The glycemic load (GL) is a powerful nutritional tool that offers a more accurate picture of a food's effect on blood sugar than the glycemic index (GI) alone. While some foods, like pure fats and proteins, have a zero glycemic load, many fibrous carbohydrates and specific nuts and seeds also rank exceptionally low.

Quick Summary

This guide provides a comprehensive overview of the foods with the lowest glycemic load, including non-starchy vegetables, lean proteins, healthy fats, and specific fruits and legumes. It explains the difference between glycemic index and glycemic load and outlines the significant health benefits of choosing low GL foods, such as improved blood sugar management, appetite control, and heart health.

Key Points

  • Zero GL Foods: Pure proteins like meat, fish, eggs, and fats like olive oil and butter have a glycemic load of zero, as they contain no carbohydrates.

  • Very Low GL Vegetables: Non-starchy vegetables such as spinach, broccoli, peppers, and zucchini have very low carbohydrate content, giving them a negligible glycemic load.

  • Low GL Nuts and Seeds: Nuts like peanuts, almonds, and macadamias are excellent low-GL options due to their high fiber, protein, and fat content.

  • Low GL Legumes: Lentils, chickpeas, and soybeans are high in fiber and protein, making them low-GL carbohydrate sources.

  • Low GL Fruits: Berries, cherries, and grapefruit have low GL scores because of their high fiber and water content.

  • GL is Better than GI: Glycemic Load (GL) is a more accurate measure than Glycemic Index (GI) because it considers real-world portion sizes, not just how fast a food raises blood sugar.

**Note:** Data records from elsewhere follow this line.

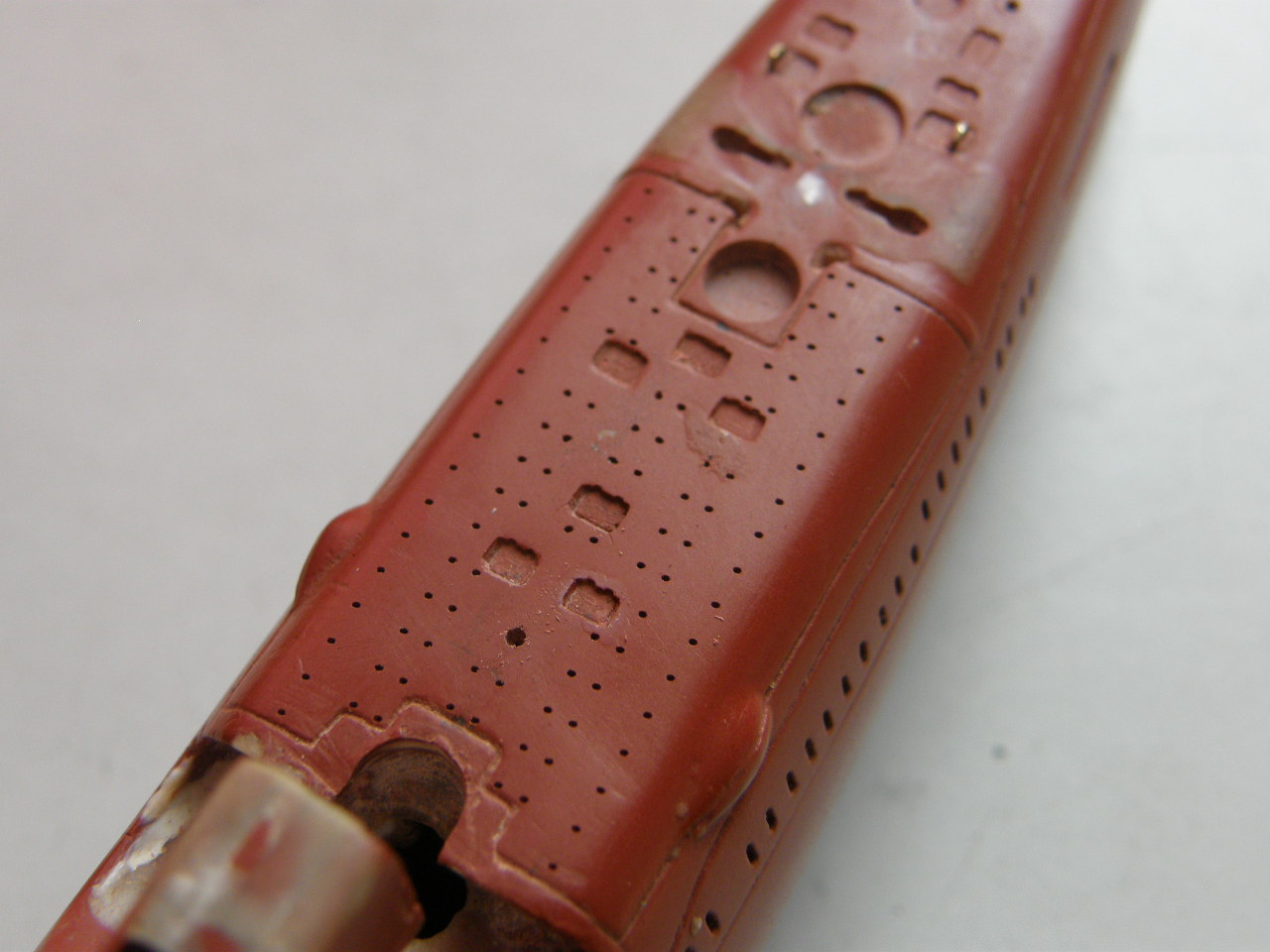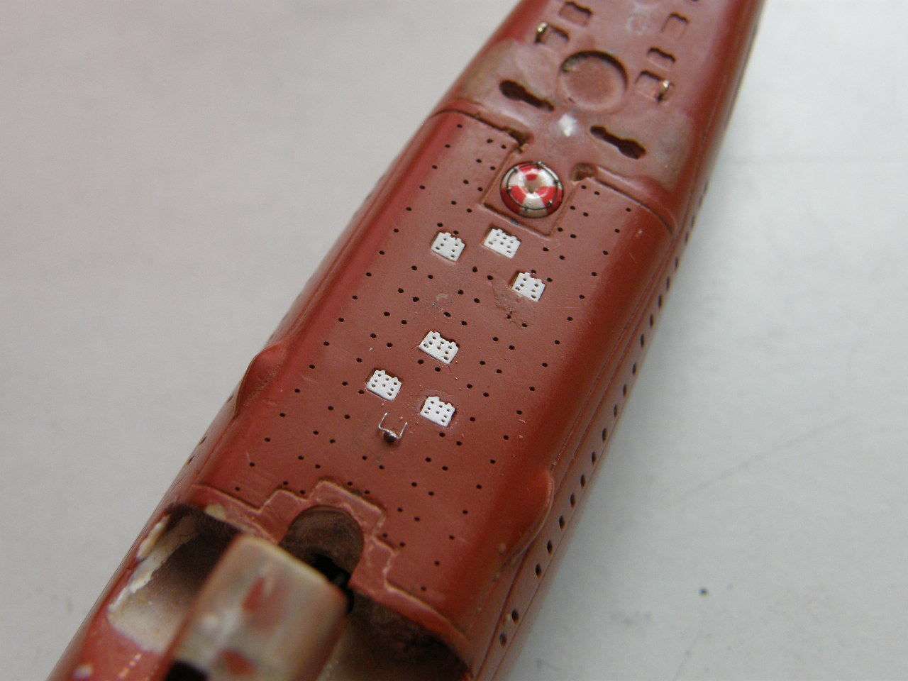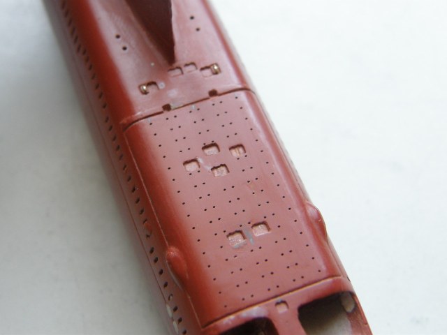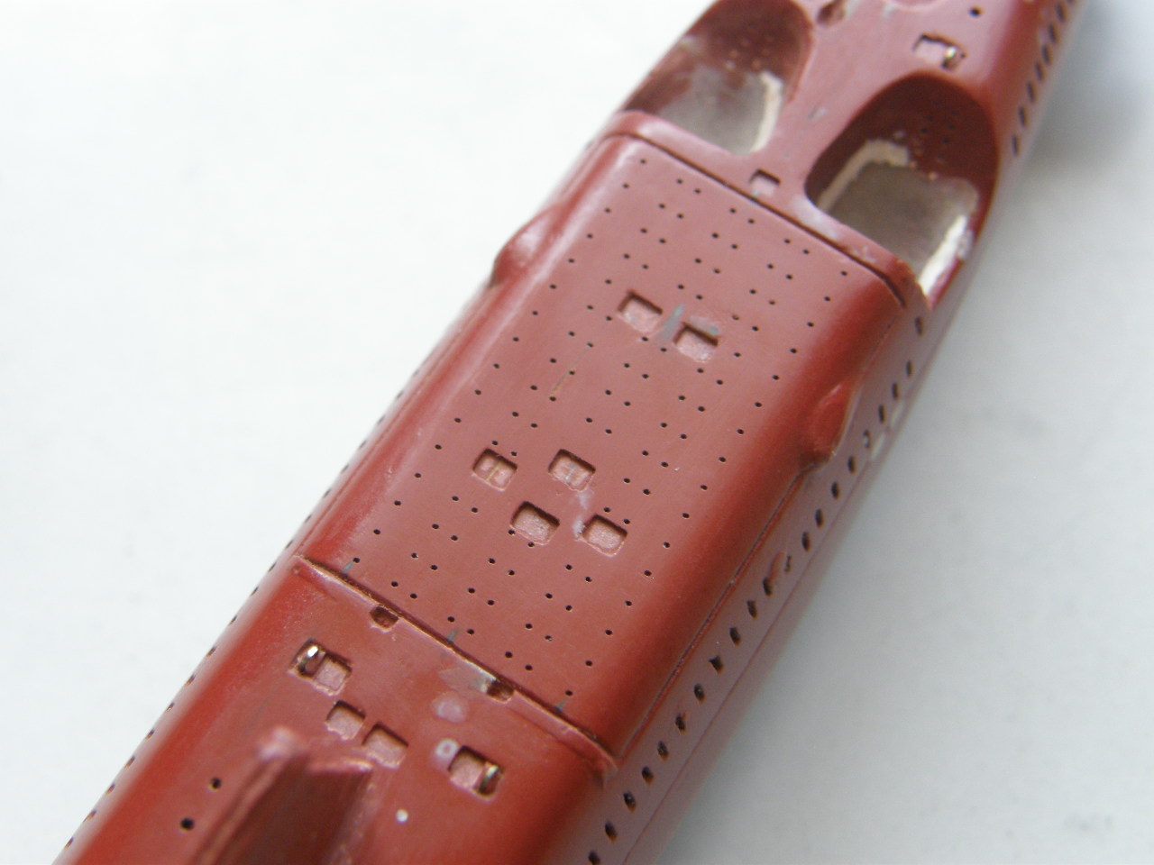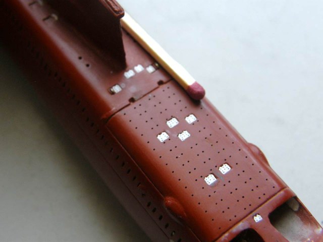 Окончательно высверлил палубные шпигаты в палубе надстройки в районе ОР сверлом 0,3 мм и глубиной 0,5 мм, оставив форму палубных шпигатов прежней – прямоугольника с закругленными углами. Процесс сверления несколько осложняло критическая близость ОР.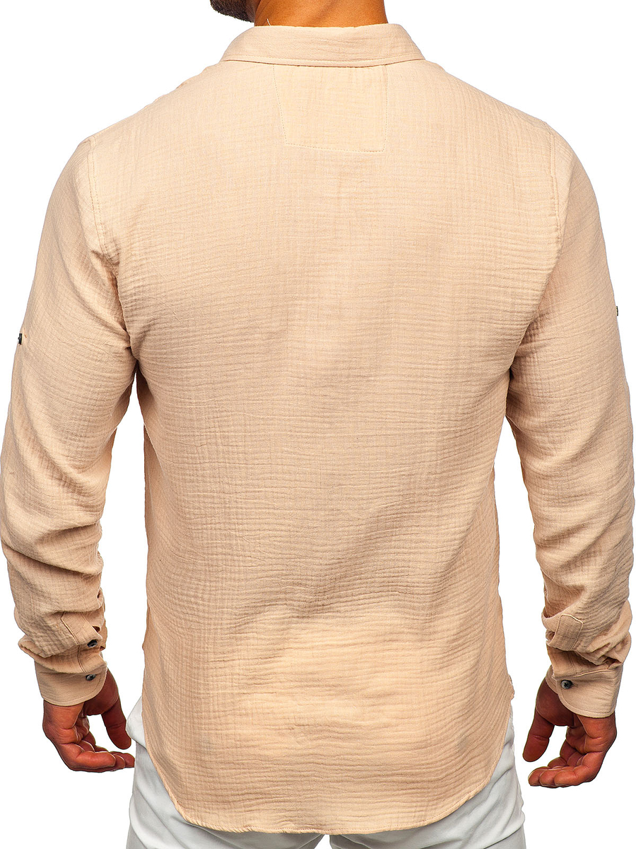 Отзиви и мнения на потребители за Бежова муселинена мъжка риза с дълъг ръкав Bolf 22746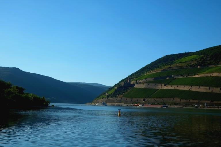 Keywords: rhine valley river viewpoint view outlook landscape nature vision good view mountains foresight scenic summer direction panorama rhine wide atmospheric atmosphere mood water sunlight waters flow germany rest rhine river vineyards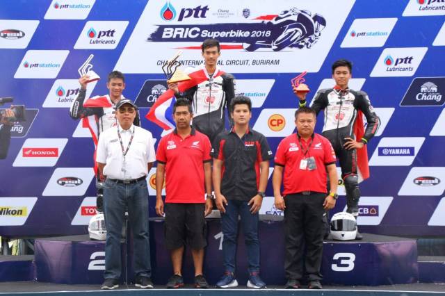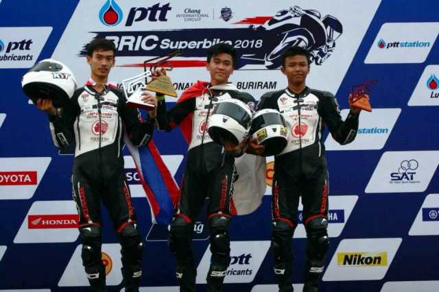 Pebalap binaan AHM, Herjun Atna Firdaus (tengah) dan Muhammad Hildan (kanan) berhasil meraih podium pertama dan ketiga pada balapan pertama di ajang Thailand Talent Cup 2018 seri ke 3 di Chang International Circuit, Buriram, Thailand (14/7).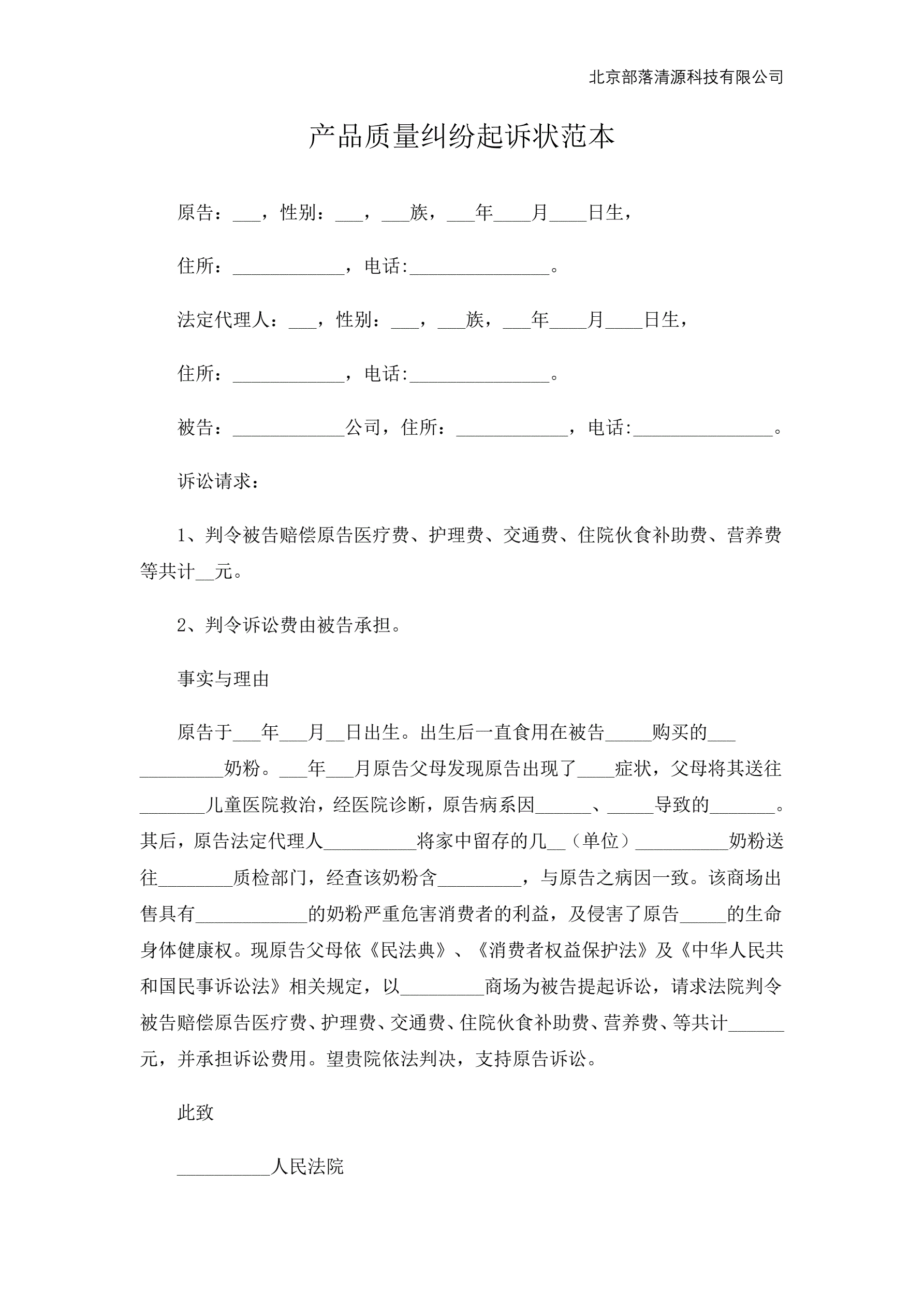 产品质量纠纷起诉状范本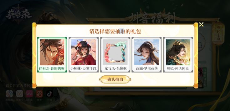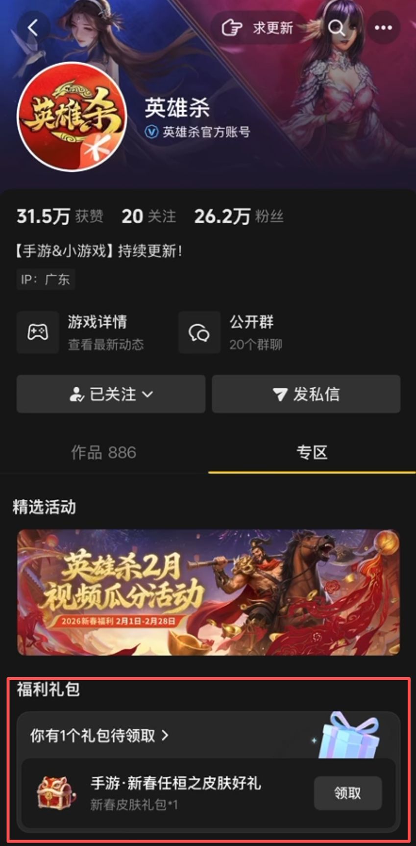 抖音新春关注礼限时放送,关注英雄杀抖音官号即可立即领取任桓之新春皮肤礼包!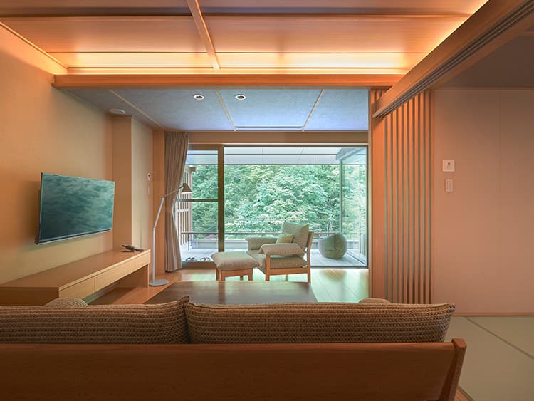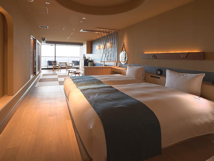 支笏湖を望んで立つ「碧の座」。靴を脱ぎ畳の廊下を歩く和の佇まいもありながら、洋の快適性も併せ持つホテルです。全室に広々とした温泉露天風呂とジェットバス付の内湯を備え、まるで別荘を訪れたかのようにゆったりとお寛ぎいただけます。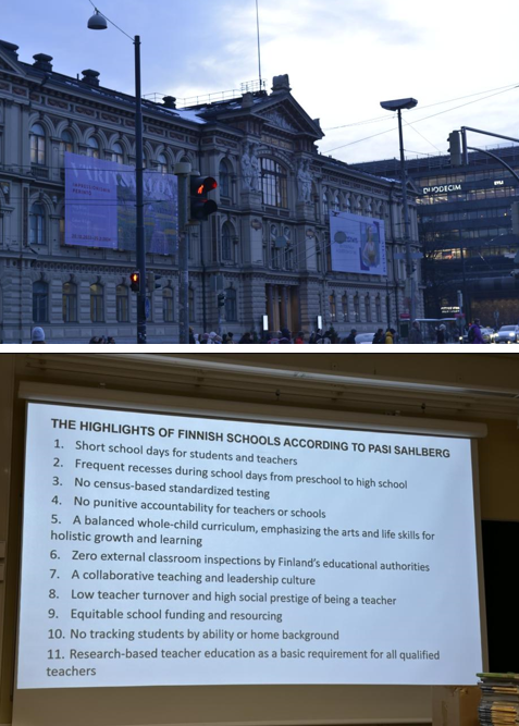 今天总结起来就是震惊+震惊的一天,听到了震惊的观点,感受到了震惊的教育模式。“We are producing people, not English speaker”,这算是今天印象最深刻的一句,来自一位当地中学校里的英语老师。 今天首先邀请了一位赫大的一个中国人老师(这个老师五十多岁了,真的是自己一步一个脚印在芬兰从零开始,现在定居在芬兰)给我们讲芬兰提出的“21世纪能力”的概念,包括很多我们耳熟能详的“领导力”、“沟通能力”、“自我管理能力等等”,其实在中国我们也讲所谓的“核心素养”或者是“德智体美劳全面发展”,但是这些东西总是空洞的、应付的,在应试教育背景下除了能提高分数的东西,其他的一切都应该被扼杀。 但是在这里,人们真的在践行这些事情,除了大家可以想象得到的芬兰学校会全面培养孩子,最让我想象不到的她提及的21世纪能力中的一项“学生的工作和创业能力”。她说,在芬兰上学的每一个小孩在初中时都会被要求在一个学期内至少有两周在外工作的时间(比如咖啡店等等),学生们没有薪水,只是体验工作的感受。除此之外,在高中时学生会被鼓励自己去开公司。没错!就是开公司!并且这并不是一件儿戏,而是真正地从银行创建账户开始,公司会有自己的股份,之后一切流程都按照标准来,他们不为赚钱,只是为了培养学生的创业能力。她说她的女儿先后开了两个公司,第二个公司与四五个同学一起开了一家芬兰蓝莓汽水公司,并且这个公司非常成功,在国内、欧洲都获得了很多奖项,还会在欧洲巡回做千人演讲。我不禁回顾自己的初高中生活,我和我周围的人都只能盯着自己眼前的书本,应试教育的阴影已经完全笼罩着我们,让我们谈不了理想,看不见其他可能性。 然后我们又切身地来到一家芬兰的中学校(这跟国内好像不太一样,6-19岁的学生都可以在里面读书),接待我们的是一位英语老师,他的每一句话每一个观点都说到大家心坎里去,有好几个瞬间我都快要因为他的话而热泪眼眶了。 首先,在芬兰教育是完全免费的,小学初中高中大学全是免费,他说“If you can get a master degree free, why not ?”,我想这也就是为什么芬兰人均教育水平都很高的原因吧,教育资源在这里不是稀缺品,不是奢侈品,只要你想学习,那么学习的大门就会为你打开,而免费的学习也让这里的人们养成了终身学习的习惯。 其次,在芬兰,所有老师都是自由的,没有人会来管你这堂课有没有按照大纲走,校长不会考察你,整个教育系统也没有老师评价体系这一说法(学校也是,没有标准的评价体系,他们不会相互judge),所以,老师可以按照任何自己想要教学的方式来上课,如果一堂课有不同小组,每一个组内的教学都不会完全一样,可以说是真正意义上的因材施教。这里的老师不用写report,不用花心思应付家长,所以他们可以完全专注于把自己的课讲好,这么听起来真的是win-win的逻辑。 他说,这里的人们相信彼此,对于教育也是如此,老师相信学生,反之亦然,家长也相信学校和老师,所以这里的孩子一般都是就近上学,不会有人为了去某个学校而长途跋涉,因为他们真的“相信”。“You know, we just believe.” 作为一名英语老师,他讲到,像英语这种学科,它并不是一大块knowledge放在那里,老师每次从中取一块讲解然后循环往复,而是一种tool,他需要做的是让学生会用这些工具,学会交流,就像最开始提到的那句话“We are producing people, not English speaker”,如何成长为一个“完整的人”是最重要的。 最后,我们实际走进了一堂课去旁听,看到那些理论上的教学模式真正应用于实际时我还是觉得五味杂陈,一方面很羡慕这一个班里14个孩子可以得到良好的教育,一方面又不免为中国大部分“小镇做题家”感到一点点可悲,我不知道我们前十八年的努力可以换算成多少“人的成长”,这或许是个无解的问题。 有一个同行的学生问他为什么当老师,他回答说他最开始其实并不是老师,只是工作了几年之后想要换个环境所以选择了教师,他很感激自己的这个决定,因为在看见自己学生进步时他觉得那简直是世界上最棒的事情。包括那个中国人老师一开始也不是从事教育行业,四十几岁才决定读教育学的第二个phd。好像在这里的人们随时可以重启自己的人生,在任何时间点尝试自己想尝试的任何事业,但我们中国人那“关键的一生”框定了我们的道路,我们没有重新开始的勇气,社会也没有包容重新开始的人的空间。于是我们开始慢慢变得麻木。 看见听见这些之后我还是不免在内心作了对比,我知道这不能简单归结为“芬兰的教育好,中国的不行”,因为有太多额外因素掺杂着,比如国情的不同,供求关系的不同等等。教育理念在这个互联网时代实际上早就达成了互通,应该也不乏有中国老师来到芬兰,也像我一样看到了这些,或许我们都想改变些什么,但是现实却是无能为力。我不知道赤手空拳如何能积少成多,我不知道颠覆性的改变有没有可能发生,我不知道免费的教育如何才能在中国实现…发达国家和发展中国家之间还是存在云泥之别,教育只能是在适合国情的基础下改善,而不可能完全照搬,认识到这一点我有一点泄气的感觉,虽然我以后大概率也不会从事教育行业,但是我依旧觉得教育事业在中国还任重道远。

  • Health Benefits: A low-GL diet can help manage blood sugar, aid in weight loss by promoting satiety, and reduce the risk of heart disease.

In This Article

Understanding the Difference: Glycemic Index vs. Glycemic Load

Before diving into the foods with the lowest glycemic load, it's crucial to understand the distinction between glycemic index (GI) and glycemic load (GL).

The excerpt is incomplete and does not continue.